Мальчик посмотрел на меня, как на чужого, и пошел в комнату. Я прикрыл входную дверь и направился за ним. Он приблизился к столу и принялся вертеть ручку патефона. Он вертел ее молча и сосредоточенно, и на всю комнату звучала хриплая, заигранная пластинка.
– Зачем ты вертишь?
– спросил я.
Левушка промолчал и тупо продолжал свое занятие.
Странная догадка мелькнула у меня. Я подошел к нему ближе, сел рядом на стул, стал расспрашивать его:
– Как ты живешь, Левушка? Как твое здоровье? Как мама?
Своими вопросами я хотел оторвать мальчика от его странного занятия.
– Надо крутить, - ответил он и впервые посмотрел на меня с интересом.
– Левушка, ты узнаешь меня? Ты помнишь "Тачанку"? Хочешь опять танцевать?

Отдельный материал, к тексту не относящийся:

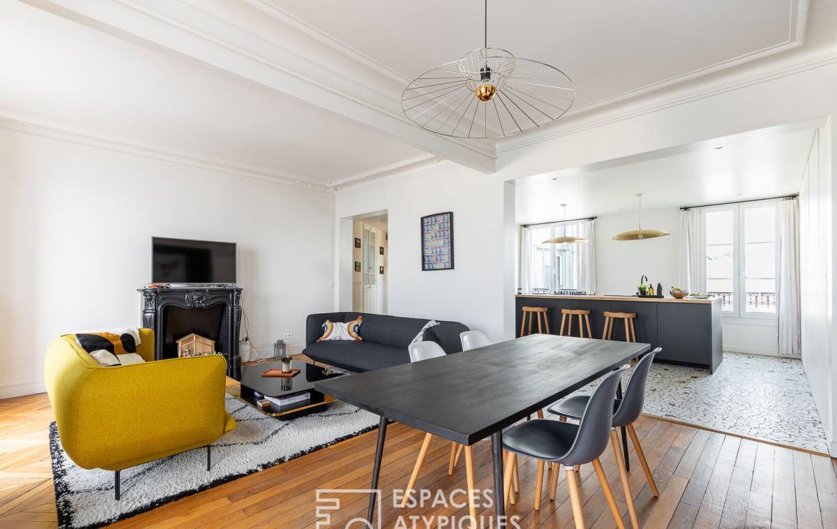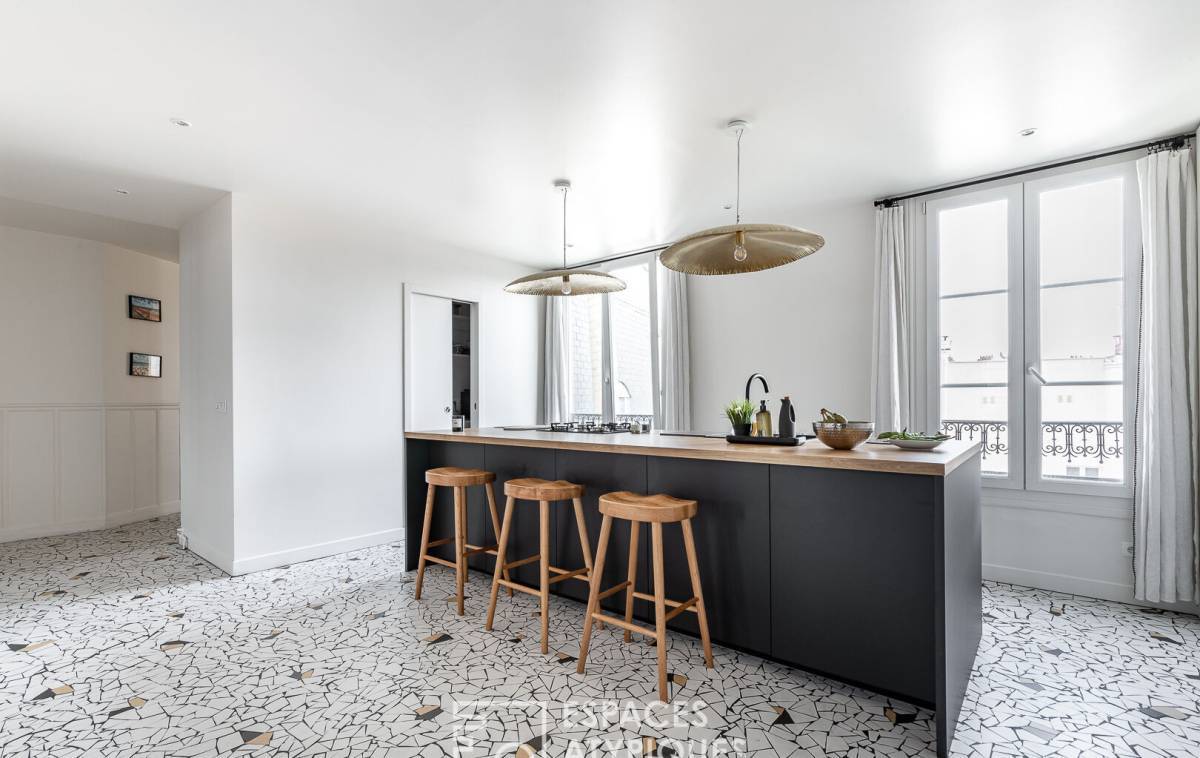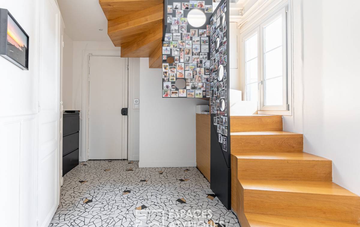 The spaciousness, layout, natural light, and contemporary décor--combining light wood tones, constellation-patterned floor tiles with touches of black, and Haussmannian features--make this duplex a family apartment with undeniable charm and subtle character.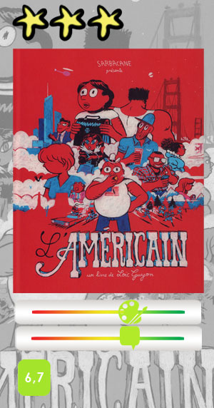 On ne saura reprocher à son auteur cette structure scénaristique pour le moins originale, mais on pourra regretter les quelques longueurs et digressions inutiles que les séquences les plus rythmées ne suffisent pas à alléger. L’Américain, au-delà du pastiche, c’est un peu l’histoire d’un petit garçon qui n’a pas su grandir, ou plutôt qui s’est accroché à un mythe de son enfance, celui, illusoire, d’une Amérique des grands espaces et des héros libres où seul « le ciel est la limite ». Mais quand la réalité rappelle à l’ordre, plus dur est l’atterrissage, surtout quand le rêve américain vous a boudé… Sans être l’album de l’année, cet OVNI un brin alternatif reste digne d’intérêt par son audace. C’est sans doute pour cette raison qu’il est en sélection officielle pour le Festival d’Angoulême.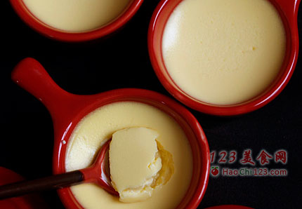 5、烘烤时间仅供参考,要根据烤碗的大小来调整,我的布丁烤了30分钟即可;烤布丁不能打开热风,要不表面会形成蜂窝状。

Левушка опустил глаза, казалось напряженно думая над моими словами, потом сказал:
– А кто же будет крутить?
Я почувствовал горький прилив отчаяния.
– Я! Я буду крутить! А ты будешь танцевать!
Мальчик снова посмотрел на меня отсутствующими глазами.
Тогда я полез в свой мешок и достал оттуда сухарь и кусок сахара. Глаза мальчика болезненно сощурились. Он осмотрел сухарь, сел на диван и, как зверек-грызун, начал слабо скрести сухарь зубами. А я крутил ручку патефона и испытывал почти физическую боль от странного безумия Левушки.
– А кто же ночью крутит эту машину?
– сам не знаю почему, спросил я.
– Мама.
Я опустил руку. Патефон замолчал. Опьяненный неожиданной сытостью, мальчик не заметил, что "Брызги шампанского" умолкли.
– Левушка, - сказал я, подходя к мальчику, - вставай, одевайся. Мы поедем в больницу. Все будет в порядке.
Мы вышли на улицу. Это была темная узкая улица, которая одним концом упиралась в Фонтанку. Я нес патефон. Вдруг завыли сирены.
Мимо нас пробежало несколько человек. Они бежали так медленно, что их можно было обогнать обычным хорошим шагом. Они бежали скорее по привычке, чем от страха.
Мы зашагали быстрее. Левушка еле волочил ноги, и у него сразу появилась одышка: видимо, он мало двигался.
Когда мы очутились на набережной, я услышал хорошо знакомый мне металлический шорох приближающегося снаряда. Звук усиливался с леденящим нарастанием, и казалось, снаряд летит прямо в нас с Левушкой.
– Ложись!
– скомандовал я мальчику.
Я бросил патефон и упал на мостовую, а Левушка сделал еще несколько шагов и тоже упал. Снаряд разорвался близко. Послышался жалостный звон разбитого стекла. Я хотел было подняться, но тут шарахнул второй. Он разорвался в Фонтанке, подняв столб воды, и на набережную обрушился град осколков льда. Третий снаряд разорвался далеко.